06 May 2009
After six years of development, GE has demonstrated materials that could store 500 gigabytes of data in a standard DVD-sized disk.
The ability to store 1 terabyte of information on an optical disk, a long-standing Holy Grail of the data storage world, has moved a step closer. GE Global Research, the technology development arm of General Electric, has demonstrated a microholographic storage material that it claims could support 500 gigabytes of storage capacity in a standard DVD-sized disk.
Holographic data storage involves the creation of optical interference patterns in a photosensitive medium, using two separate laser beams derived from a single source.

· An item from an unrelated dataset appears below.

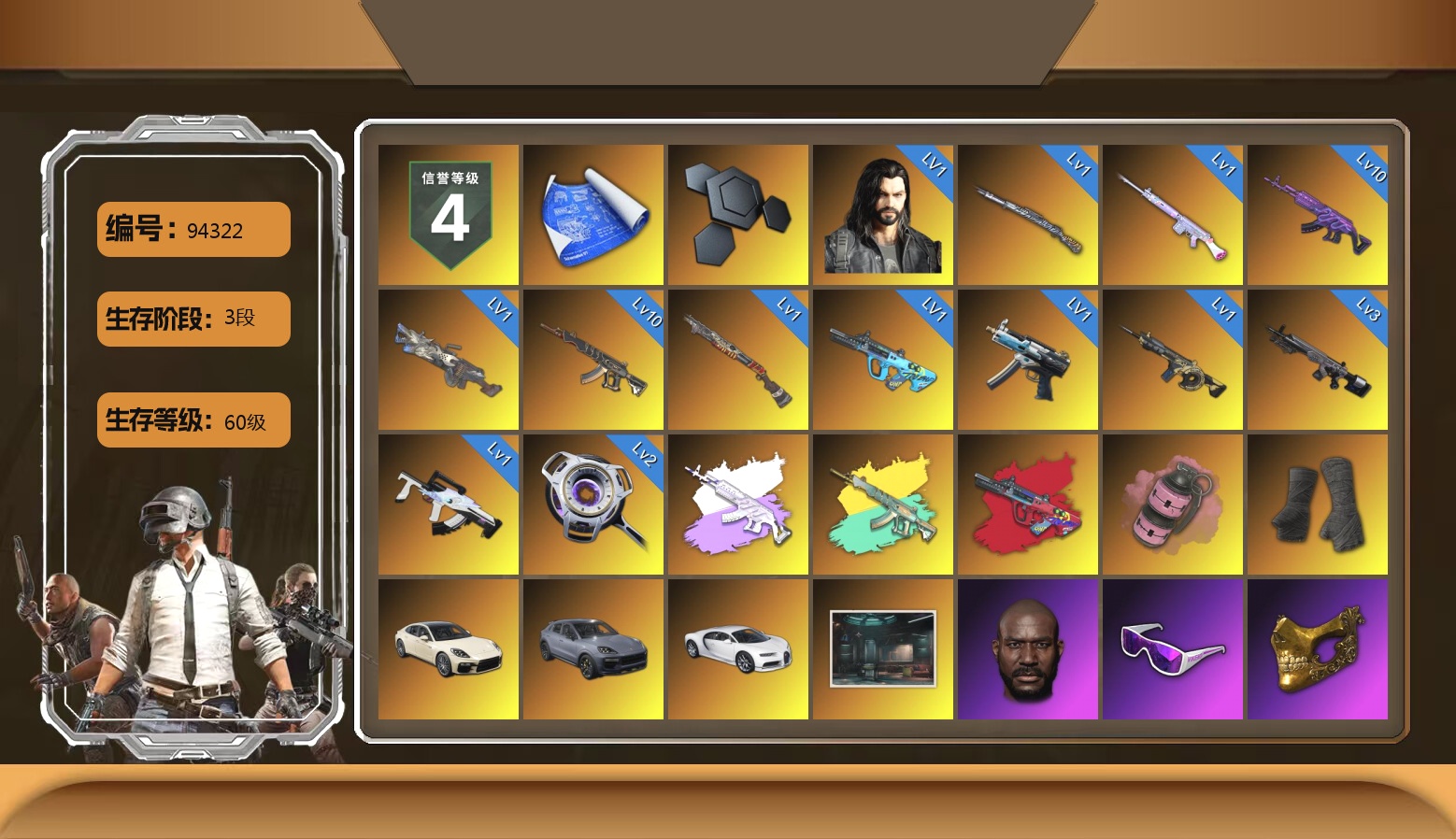 1级多利安 10级美杜莎762 10级妖魔之触ACE 3级暗影之主Mk12 2级虚空使者 1级时空使者M4 1级冰域Groza 1级GD-AUG 1级寒蚀MP5K 1级刻耳柏洛斯M249 1级玩偶炮 1级烈日灼烧-S1897 1级猛虎98k 美杜莎(异色) 妖魔之触(异色) GD-AUG(异色) 粉色烟雾弹 3张图纸 4462聚合物 黑绷带 帕拉梅拉 保时捷卡宴 布加迪跑车 黑鬼 滑雪镜 金面 渔夫帽 牛角 活动绿东 发光手臂 电磁背包 白熊鞋 鸡斯卡夹克 小马尾 丸子头 青海摇 车漆 小兔学院 绷带AK 西游记 滑雪帽

By adjusting variables such as the beam angle, wavelength or media position, a large number of holograms can be stored on a single disk, and can be positioned throughout the volume of the storage media.
The GE team successfully recorded microholographic marks with a diameter of approximately one micron and reflectivity approaching 1% in a storage material. It is this level of reflectivity that provides the key.

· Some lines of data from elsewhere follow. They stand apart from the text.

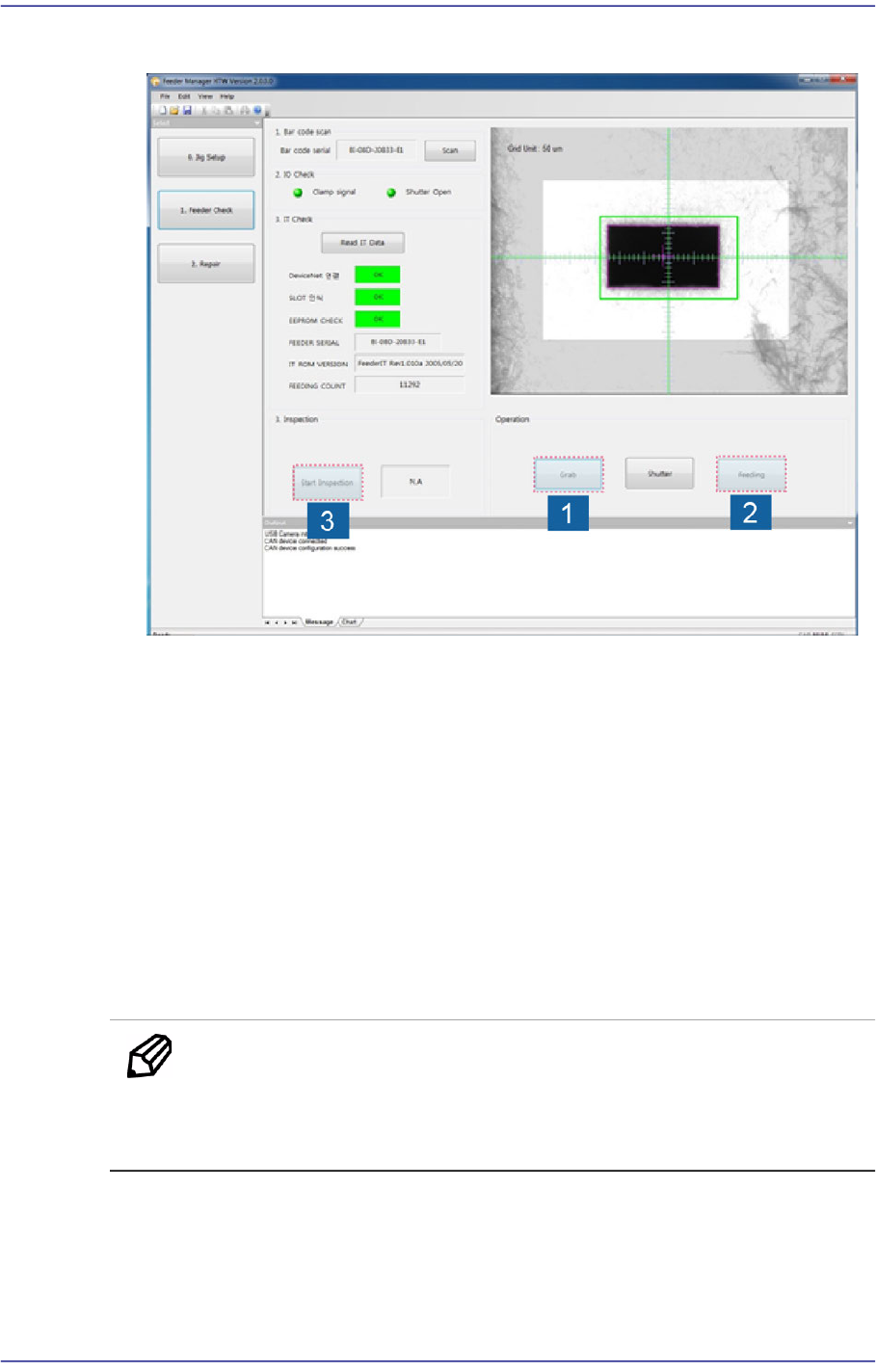 2) 请点击<Feeding>按钮,到检查开始位置,按照指定次数进行feeding。 (8mm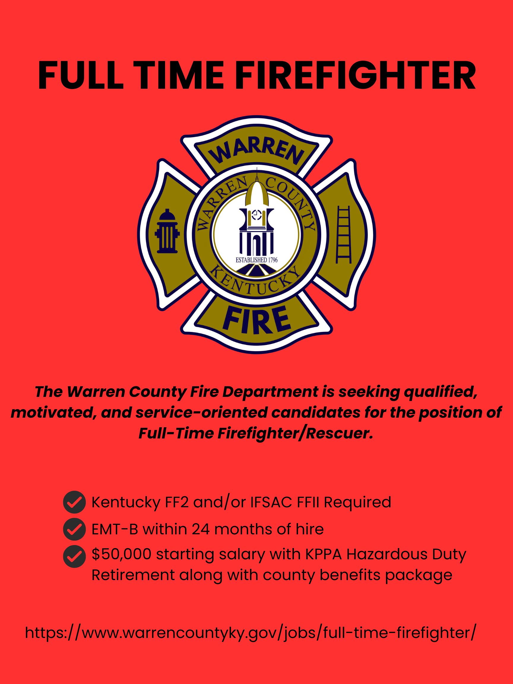- Firefighter - Warren County Fire Department; applications accepted through October 24, 2025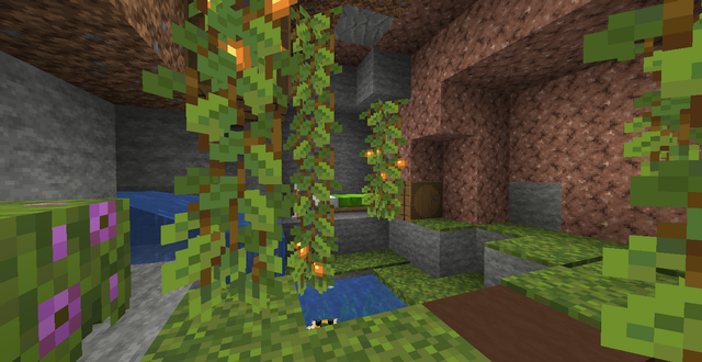 内饰的布置,可以选用苔藓作为底部装饰,这样能够让内部充满绿意,也符合洞穴本身的特征。其次,如果洞穴足够大,可以建造一个小水塘,说不定哪天有食物需求,也可以在小鱼塘当中获取到食物。此外,如果有一定条件,可以用发光浆果进行装饰,再搭配上孢子花,也许这样的组合更加趋向于完美与自然。加上一点点内饰,插上几根流淌着白色粒子的末地烛,放上两张床。此时此刻,身处这样的环境之中,略显几分惬意。如果居住的时间久了,也许会发现,这就像是童年所幻想的地方,说不定就“爷青回”了呢!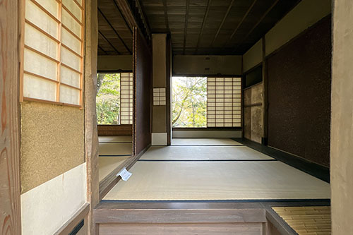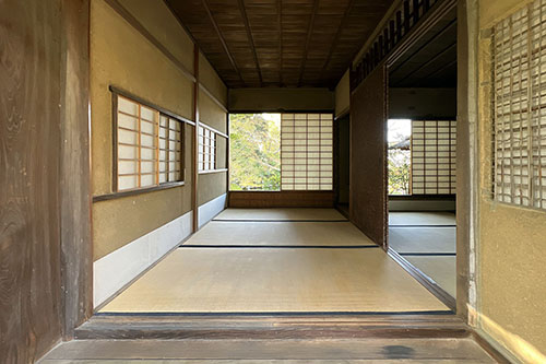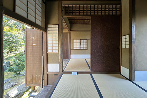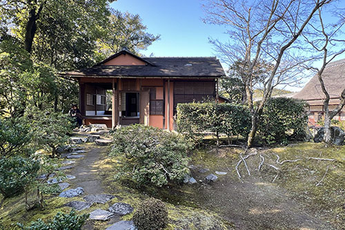 醍醐寺・三宝院庭園にある『枕流亭』が40年ぶりの特別公開。滝石組の高台にある茶室。創建は江戸中期以降と考えられているそう。露地庭空間からのアプローチ。外観は京錆と呼ばれる赤土に包まれています。上段の間、水屋の間、控の間の三室構成。上段の間には縁を設けた貴賓口から出入り。正客の前には床の間。床の相手柱に棕櫚が使われているのが珍しい。腰を下ろして左手に庭園を臨みます。風が抜けて気持ちが良い。水屋の間には落縁からの出入り。水屋流しが付き、洞庫流しがある地袋も有しています。控の間の外部正面にはバッタリ床几が揚げ店式に設けられているのがユニークで、大寄等の茶事に対応するためのものだそう。各室を仕切るのは朱漆揉紙の太鼓襖。これがまた美しく、空間を華やかに仕立てておりました。

"We are creating chemical changes in microscopic patterns that will generate higher reflectivity when read by a low-power laser," said programme leader Brian Lawrence. "Recently we have made dramatic increases in the amount of light that can be reflected by the holograms. Reflectivities as high as 1% represent a 100–200× improvement in performance. When we scale the holograms down in size to those that would correspond to the marks created using standard DVD or Blu-ray optics, the reflectivities will be sufficient to enable the storage of up to 500 gigabytes of data in a single CD-sized disk."
GE's holographic storage programme has now turned the corner, according to Bill Kernick of GE's Technology Ventures team: "With this milestone we can now intensify our efforts in commercialization opportunities," he said. Those opportunities will lie initially in the commercial archival industry, with consumer applications following at a later stage.
• Other techniques to approach the 1 terabyte goal include a range of optical methods such as chromophore poling and deliberate void formation in optical materials, although progress to date has been mixed. Israeli developer Mempile told optics.org about reaching the 300 gigabyte mark using its Teradisk process based on two-photon absorption of light-sensitive chemicals, but developments beyond that level appear to have slowed.